---- THE DATA

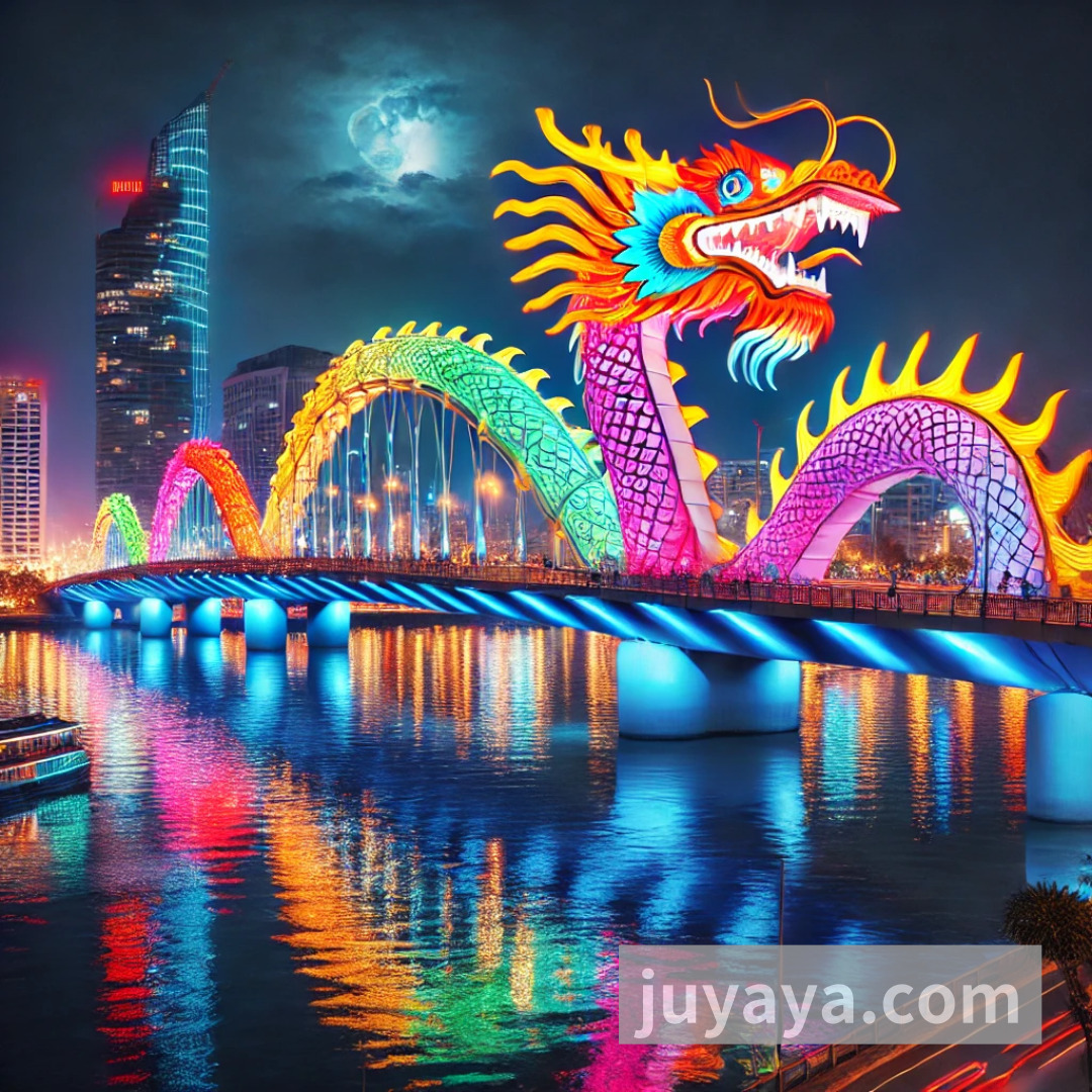 다낭의 야경을 대표하는 용다리는 밤마다 펼쳐지는 화려한 조명과 용의 불쇼로 유명합니다. 다리 디자인은 전통적인 베트남 문화에서 영감을 받아 용이 하늘로 승천하는 모습을 형상화했습니다.
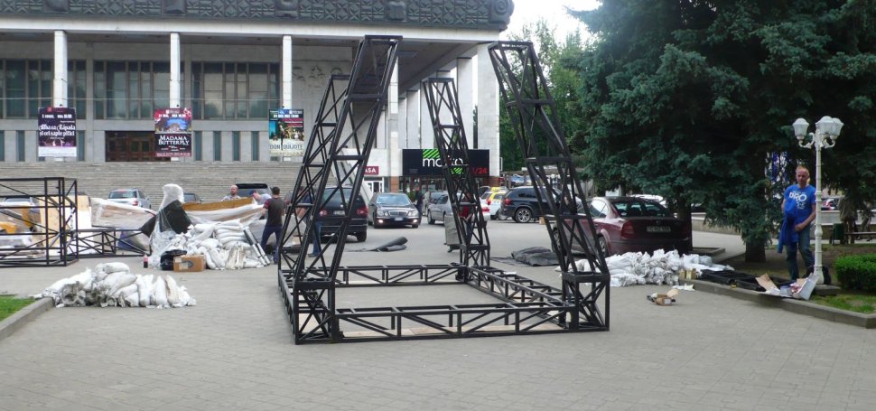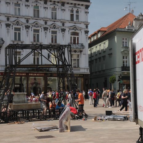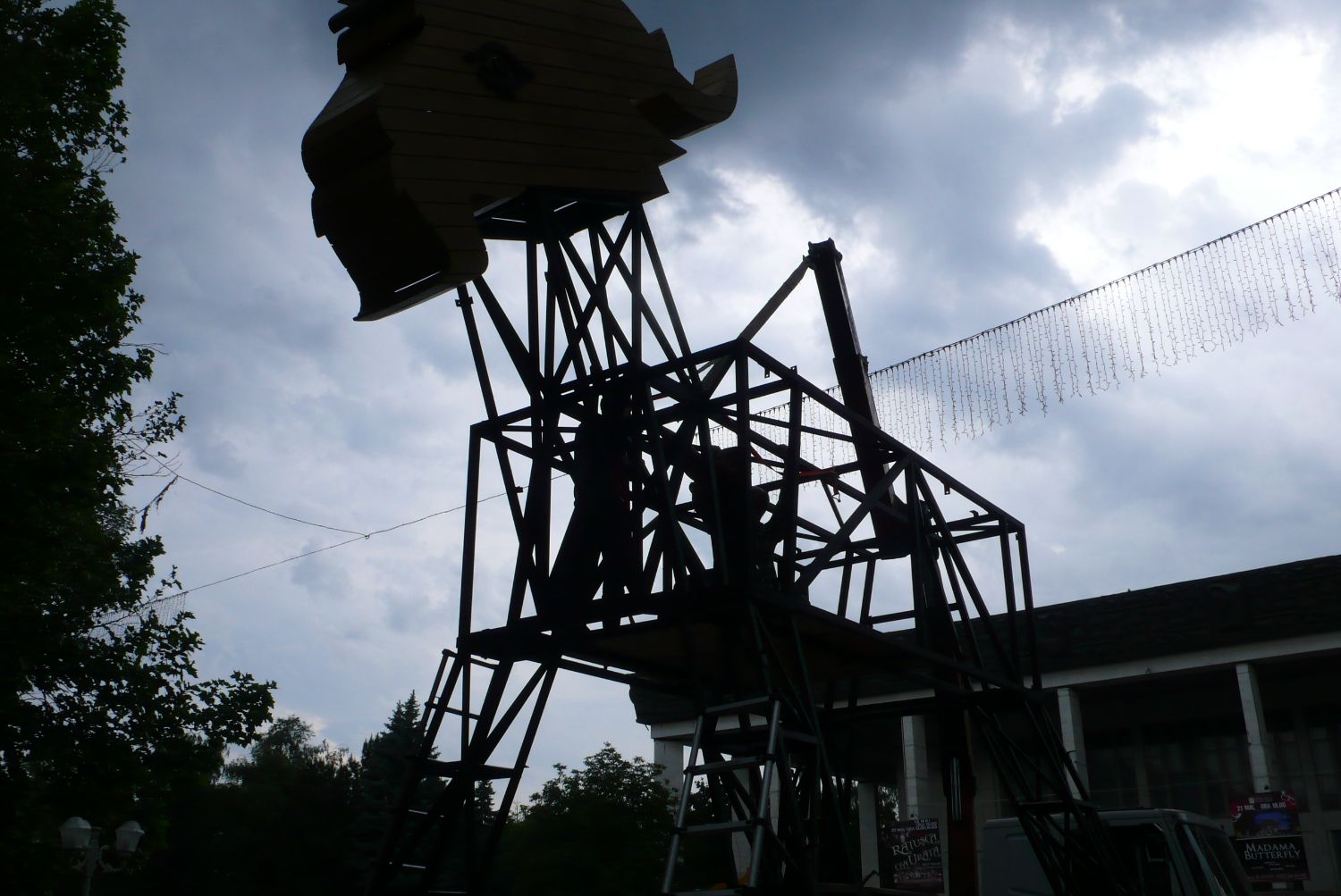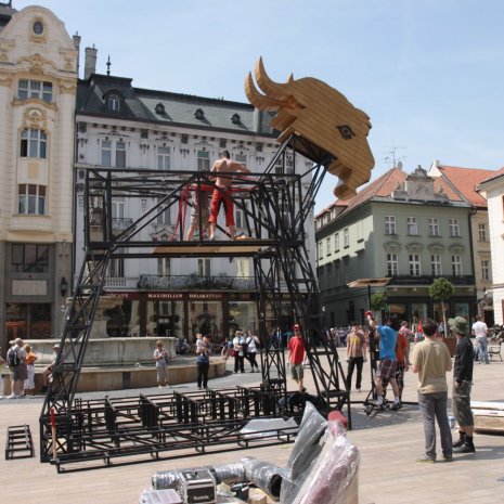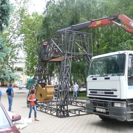 Construction of the Velkopopovický kozel sculpture
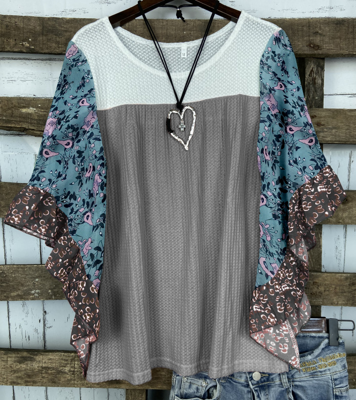 Atasan kaus wish Amazon wanita lengan panjang, atasan kaus ukuran plus, lengan panjang, motif Zou, berlipat, leher V, Amazon wish, baru, musim semi, 2021
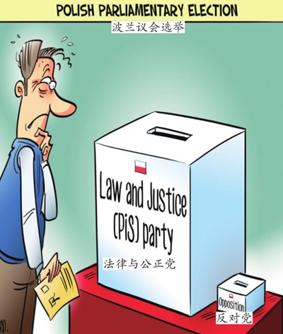 10月13日,波兰举行议会选举,出口民调显示,执政党法律与公正党获得43.6%的选票,保持议会众议院第一大党地位。
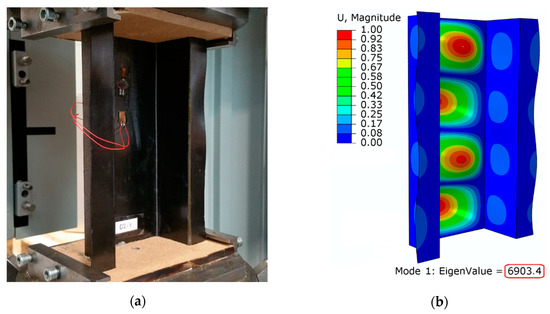 The numerical and experimental research made it possible to evaluate the critical and post-critical condition of the structure. Preliminary analyses were aimed at evaluating the form of deformation of a thin-walled structure at the moment of loss of stability. The numerical calculations estimated that buckling of the composite column occurred with a load of Pcr = 6903.4 N. The buckling mode obtained from experimental and numerical studies is presented in Figure 8.
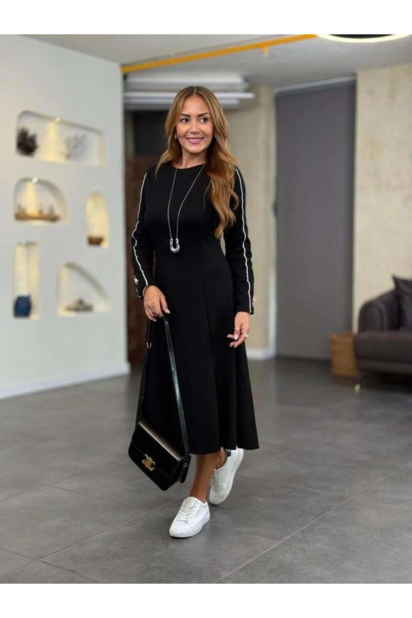 By Sevilen Collection Kadın Uzun Kollu Bisiklet Yaka Midi Modal Elbise
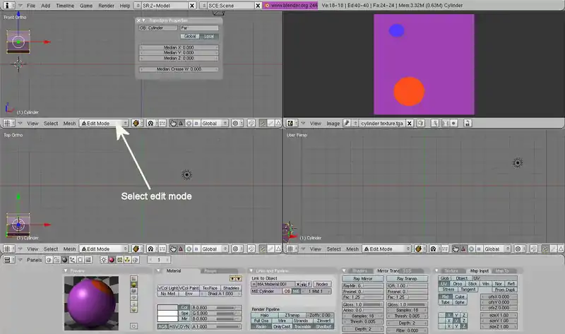 Step 8: In order to map the texture, we have to unwrap the mesh in Edit mode. Change from Object mode to Edit mode by pressing Tab ↹.
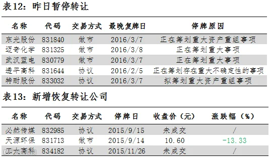 五岳鑫、中天科盛和本益科技涨幅居前,分别为160.00%、73.71%和26.80%。相比之下,硕泉园林、天源环保和差旅天下则跌幅居前分别为20.63%、13.33%和12.50%。
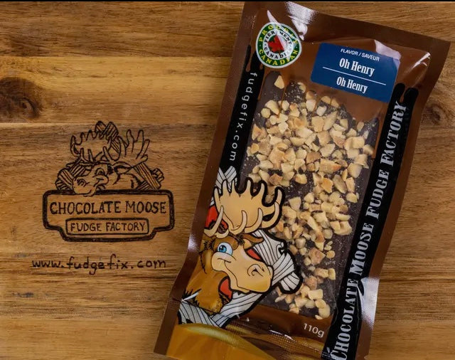 Indulge in the rich and creamy Oh Henry Fudge from Chocolate Moose Fudge Factory. Crafted with over 25 years of expertise, our fudge is known for its melt-in-your-mouth texture and addictive taste. Each 110g bar is made fresh to guarantee the best quality. The nut varieties can be stored for 3-4 months, while plain fudge bars last 6-8 months at room temperature. For longer shelf life, you can freeze them without altering the flavor or texture
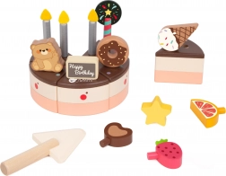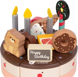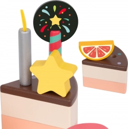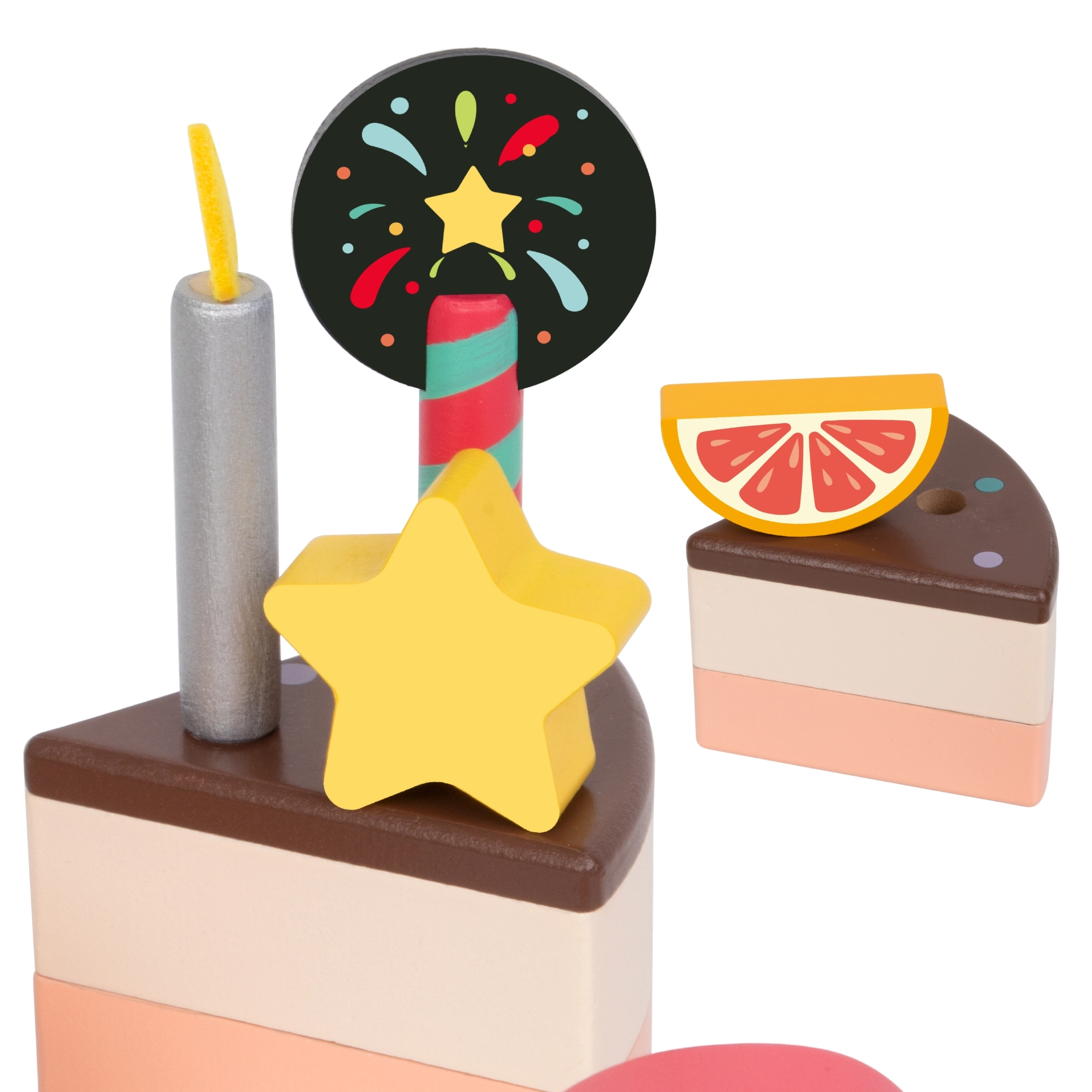 Świętuj każdy dzień z pięknym drewnianym urodzinowym tortem! Dziecko może umieścić świeczki, pomyśleć życzenie i „zdmuchnąć” płomień, tworząc wyjątkowe urodzinowe przyjęcie.
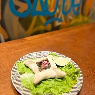 Esfiha recheada com pimentões, cebola, tomate, molho de tomate e temperos à moda síria. خضره
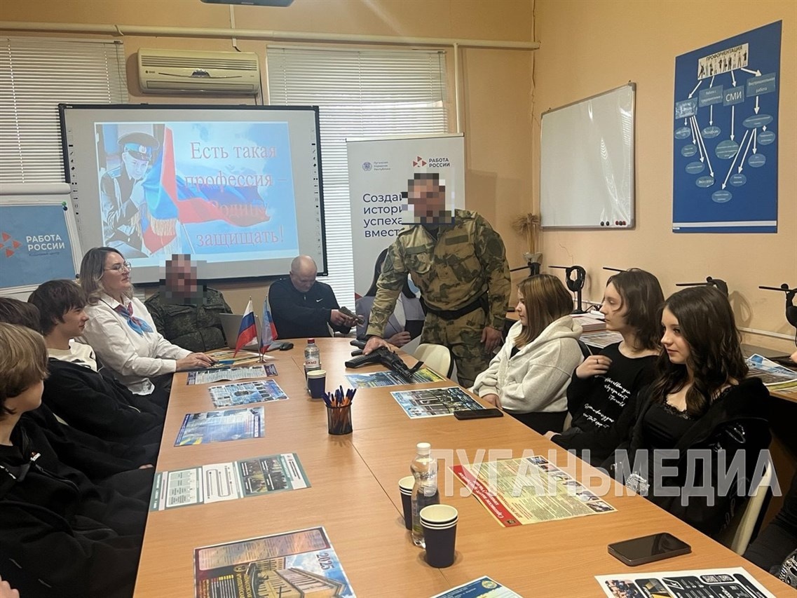 Сегодня, в преддверии Дня защитника Отечества, в молодежном клубе «PROF_ориентир» при территориальном отделении Государственного казенного учреждения «Республиканский центр занятости населения Луганской Народной Республики» в Беловодском районе прошла встреча на тему «Есть такая профессия – Родину защищать». Гостями мероприятия стали представители военного комиссариата Беловодского района и военнослужащий Росгвардии, которые рассказали о ключевых моментах осознанного профессионального выбора и военных профессиях. Важными темами разговора стали значимость профессионализма, развитие личной дисциплины, выносливости и способности быстро реагировать на любые ситуации. Эти качества нужны не только в рамках военной службы, но и помогают молодым людям формировать лидерские качества и укреплять уверенность в себе. Представители военного комиссариата познакомили подростков со специализированными учебными образовательными учреждениями, где возможно получение военных профессий, пояснили порядок за
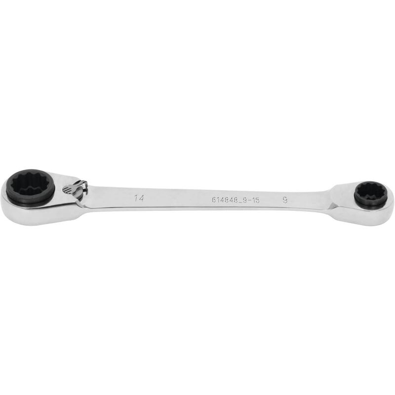 serraggio orario e antiorario. Ognuna delle 2 estremità presenta un'apertura diversa. Angolo di registro estremamente stretto: 5°. Materiale: Acciaio al cromo-vanadio, esecuzione cromata opaca. Dati tecnici Angolo di registro Grad 5 Materiale Acciaio al cromo-vanadio Superficie es. opaca cromata Cricchetto reversibile sì Numero di denti 72 Tipo di prodotto Chiave Apertura 1, mm 8 Apertura 4, mm 13 Apertura 2, mm 10 Apertura 3, mm 12 Dimensione apertura metrica Lunghezza complessiva L, mm 150 ⌀ Massimo anello D1, mm 20,2 ⌀ Massimo anello D2, mm 24,8 Altezza massima anello h1, mm 13,8 Altezza massima anello h2, mm 16,8

--------

WHAT THE TASK ASKS:
Every line from the one with "Esfiha recheada com" to the end of the records above should be restated word for word, and no picture belongs in the copy.

WRITTEN RESPONSE:
 Esfiha recheada com pimentões, cebola, tomate, molho de tomate e temperos à moda síria. خضره
 Сегодня, в преддверии Дня защитника Отечества, в молодежном клубе «PROF_ориентир» при территориальном отделении Государственного казенного учреждения «Республиканский центр занятости населения Луганской Народной Республики» в Беловодском районе прошла встреча на тему «Есть такая профессия – Родину защищать». Гостями мероприятия стали представители военного комиссариата Беловодского района и военнослужащий Росгвардии, которые рассказали о ключевых моментах осознанного профессионального выбора и военных профессиях. Важными темами разговора стали значимость профессионализма, развитие личной дисциплины, выносливости и способности быстро реагировать на любые ситуации. Эти качества нужны не только в рамках военной службы, но и помогают молодым людям формировать лидерские качества и укреплять уверенность в себе. Представители военного комиссариата познакомили подростков со специализированными учебными образовательными учреждениями, где возможно получение военных профессий, пояснили порядок за
 serraggio orario e antiorario. Ognuna delle 2 estremità presenta un'apertura diversa. Angolo di registro estremamente stretto: 5°. Materiale: Acciaio al cromo-vanadio, esecuzione cromata opaca. Dati tecnici Angolo di registro Grad 5 Materiale Acciaio al cromo-vanadio Superficie es. opaca cromata Cricchetto reversibile sì Numero di denti 72 Tipo di prodotto Chiave Apertura 1, mm 8 Apertura 4, mm 13 Apertura 2, mm 10 Apertura 3, mm 12 Dimensione apertura metrica Lunghezza complessiva L, mm 150 ⌀ Massimo anello D1, mm 20,2 ⌀ Massimo anello D2, mm 24,8 Altezza massima anello h1, mm 13,8 Altezza massima anello h2, mm 16,8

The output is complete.